START The data

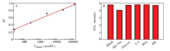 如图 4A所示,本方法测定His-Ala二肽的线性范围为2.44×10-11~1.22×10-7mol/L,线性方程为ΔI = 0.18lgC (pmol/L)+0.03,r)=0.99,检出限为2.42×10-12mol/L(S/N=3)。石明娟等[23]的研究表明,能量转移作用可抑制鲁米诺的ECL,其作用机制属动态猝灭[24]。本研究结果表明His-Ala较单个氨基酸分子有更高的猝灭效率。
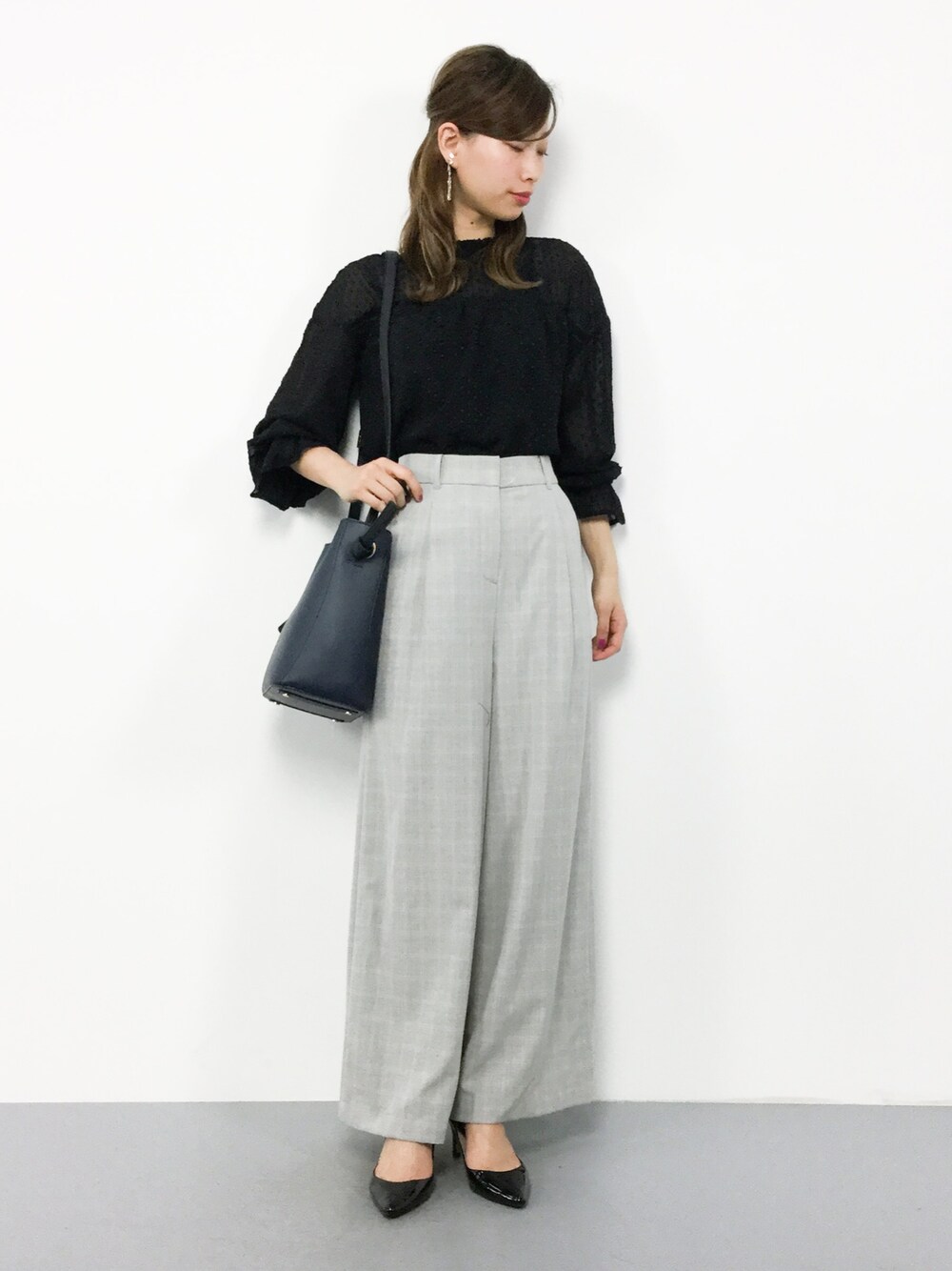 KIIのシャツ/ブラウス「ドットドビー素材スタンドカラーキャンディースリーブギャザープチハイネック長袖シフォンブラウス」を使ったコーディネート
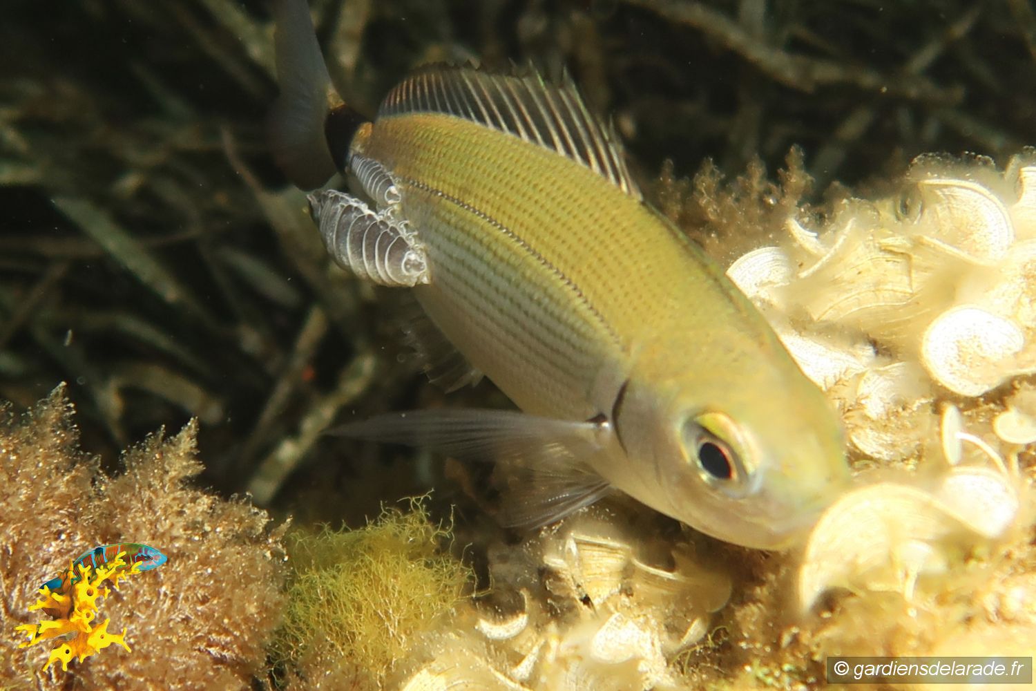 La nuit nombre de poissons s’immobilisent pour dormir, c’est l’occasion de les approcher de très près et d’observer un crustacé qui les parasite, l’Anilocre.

END The data

# Exercise instructions
The preceding listing is to be restated word for word, with every picture omitted.

# Exercise solution
 如图 4A所示,本方法测定His-Ala二肽的线性范围为2.44×10-11~1.22×10-7mol/L,线性方程为ΔI = 0.18lgC (pmol/L)+0.03,r)=0.99,检出限为2.42×10-12mol/L(S/N=3)。石明娟等[23]的研究表明,能量转移作用可抑制鲁米诺的ECL,其作用机制属动态猝灭[24]。本研究结果表明His-Ala较单个氨基酸分子有更高的猝灭效率。
 KIIのシャツ/ブラウス「ドットドビー素材スタンドカラーキャンディースリーブギャザープチハイネック長袖シフォンブラウス」を使ったコーディネート
 La nuit nombre de poissons s’immobilisent pour dormir, c’est l’occasion de les approcher de très près et d’observer un crustacé qui les parasite, l’Anilocre.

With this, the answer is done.